2023 Astounding-eligible authors: roundup #4

These authors are in their second year of eligibility for the Astounding, meaning that their qualifying work was published in 2021. Their eligibility clocks run out after the Chendgu Worldcon ballot.

Check the original post for a full(er) list of eligible authors, and the #astounding2023 tag for more of these spotlight posts. I’m focusing on authors who qualified with short fiction. Debut novels generally get more attention (though I certainly won’t say enough!) and so I want to shout about the short stuff.

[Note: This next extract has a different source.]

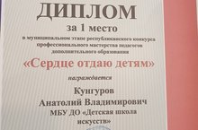Преподаватель Кунгуров Анатолий Владимирович награжден дипломом за 1 место в муниципальном этапе республиканского конкурса профессионального мастерства педагогов дополнительного образования "Сердце отдаю детям". Торжественная церемония состоялась в молодежном центре инициатив "Ковер". Поздравляем Анатолия Владимировича с заслуженной наградой и желаем новых творческих побед и достижений.
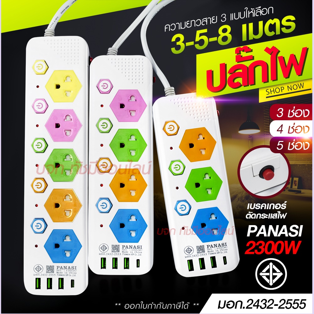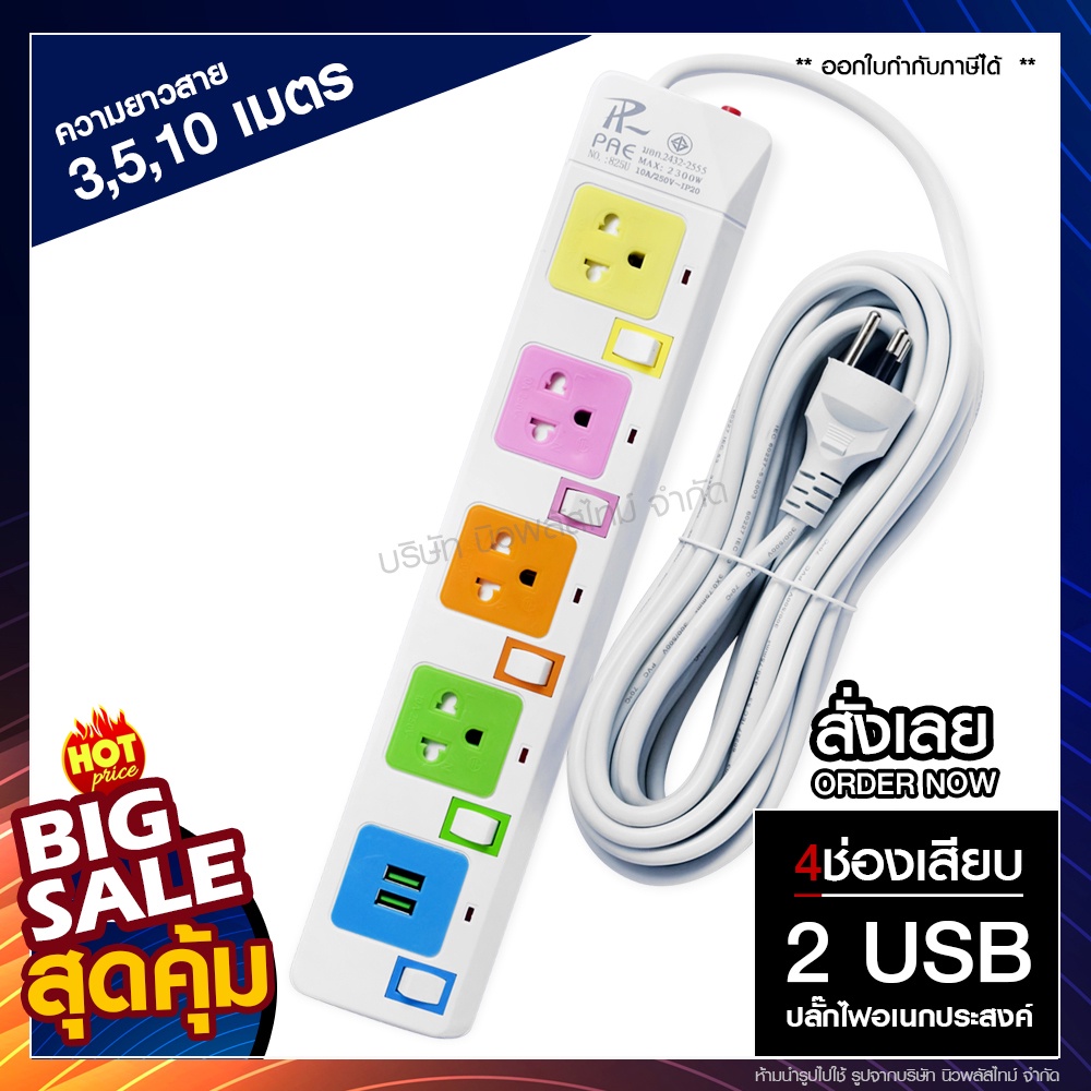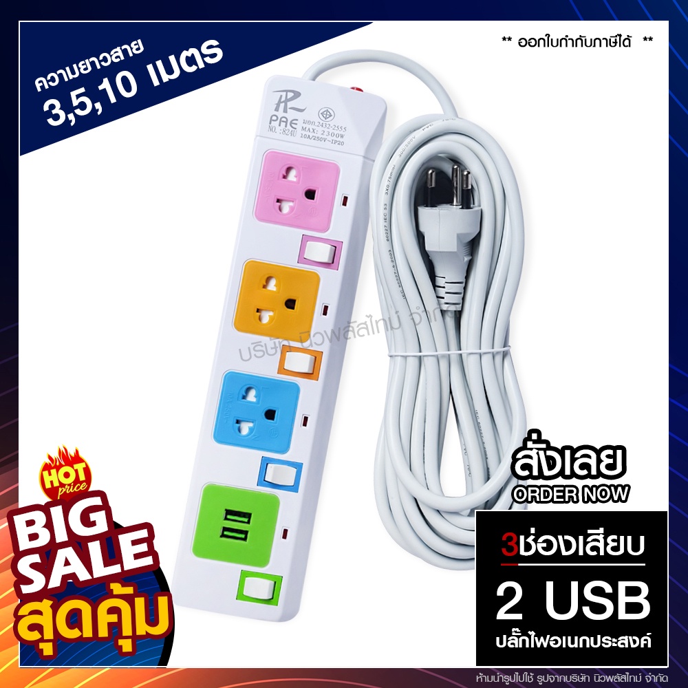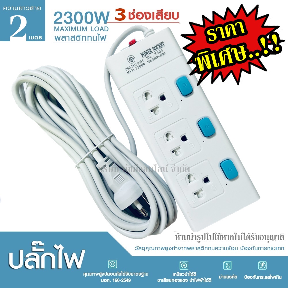 [ใส่โค้ด T4F5MJ2 ลดทันที 20%] พร้อมส่ง! ปลั๊กไฟ (มอก.แท้) 3ช่อง 4ช่อง / 5 เมตร 3เมตร 2เมตร ปลั๊กพ่วง รุ่น T303 / T304

Shreya Ila Anasuya hails from Calcutta and currently resides in London pursuing her PhD. Short pieces include “An Array of Worlds as a Rose Unfurling in Time” (Strange Horizons), “Mother, Mother” (F&SF), and the forthcoming “Playing Macbeth at the Electra Theatre on Beadon Street” (Infinite Constellations).

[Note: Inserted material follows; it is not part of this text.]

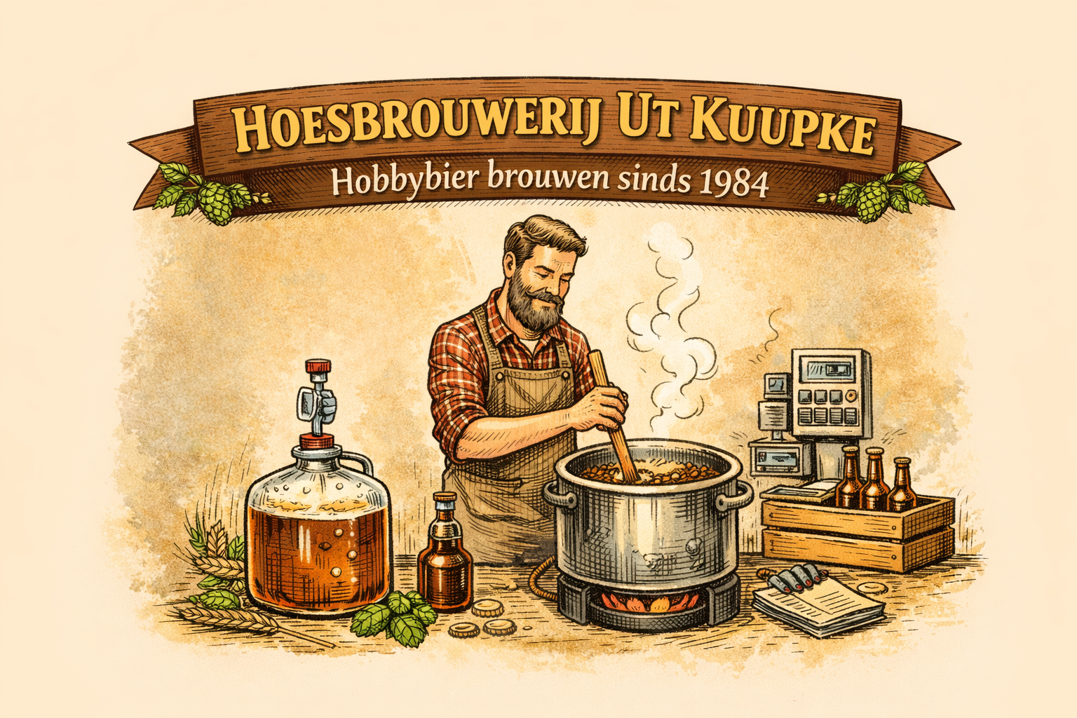 Hoesbrouwerij Ut Kuupke is sinds 1984 actief als hobbybrouwerij. Wat begon als experiment groeide uit tot een langdurige passie voor traditioneel bier brouwen. Lees ook het verhaal over het begin van Ut Kuupke of ontdek meer over de ingrediënten van bier.

Betsy Aoki is a tech author and poet whose work has appeared in Uncanny and Strange Horizons. For Astounding purposes, check out the story “On a Branch Floating Down the River, a Wren Is Singing” (Uncanny).

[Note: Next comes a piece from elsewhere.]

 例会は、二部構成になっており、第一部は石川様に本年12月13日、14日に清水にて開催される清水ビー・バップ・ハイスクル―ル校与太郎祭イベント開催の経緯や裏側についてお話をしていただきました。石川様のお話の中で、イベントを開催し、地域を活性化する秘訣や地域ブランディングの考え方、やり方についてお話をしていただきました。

Warren Benedetto is a prolific author of short fiction, with multiple appearances in places like Haven Spec (“The Man Who Ate the Road”), ParSec (“From Below”), The Dread Machine (most recently “A Piece of the Sky”), Dark Matter Magazine (most recently an audio version of “Set for Life”), The NoSleep Podcast (most recently “Scrapple”), and anthologies from Black Hare Press and Shacklebound Books. He has a lot of stories up on his website; I recommend spending some time clicking around.

Charles Q. Choi is a science journalist whose science fiction debut was the novelette “By the Will of the Gods” in Analog.

Kel Coleman‘s published short fiction includes “Delete Your First Memory for Free” (FIYAH), “A Study of Sage” (Diabolical Plots), “Cirque Mécanique” (Anathema), “I Wear My Spiders in Remembrance of Myself” (Apparition Lit), and “Early Evening Soul” (Speculative City). Coleman started strong right out of the gate: “Delete Your First Memory for Free” was an Ignyte nominee, performed on Escape Pod, and reprinted in The Best American Science Fiction and Fantasy 2022.

Kate Francia is an editor as well as a writer, and her short fiction includes “Eating for Two” (Electric Lit), “Souls” (Fireside), “A Bird in the Window” (Beneath Ceaseless Skies), and microfiction for Apex.

A. L. Goldfuss is an infrastructure geek and speaker. Following a 2021 story in Fantasy (“The Woman with No Face”), xe ran the Adamant Press gamut with stories in Nightmare (“Fenworth City Municipal Watersheds Field Survey”) and Lightspeed (“Between the Stones and Stars”).

David Goodman lives in Scotland, founded the Edinburgh Genre Writers workshop, and published “Vegvísir” and “Carapace” in Clarkesworld.

Alyson Grauer is an actor, cosplayer, and vocalizer of stuff. She’s written a novel and a number of short pieces, including “Lavender, Juniper, Gunpowder, Smoke” (Apparition Lit), “Their Eyes Like Stars, Their Horns Aloft” (Untethered), and “Porch Light for the Lonely” (Cast of Wonders).

Thomas Ha has published a number of short stories and novelettes in the past couple of years, including “To People Who’d Never Known Good” (Beneath Ceaseless Skies), “Sweetbaby” (Clarkesworld), “Where You Left Me” (Lightspeed), and “Our Quiet Guests” (Three-Lobed Burning Eye). “Where the Old Neighbors Go” (Metaphorosis) was reprinted in Paula Guran’s Year’s Best Dark Fantasy and Horror: Vol. 2.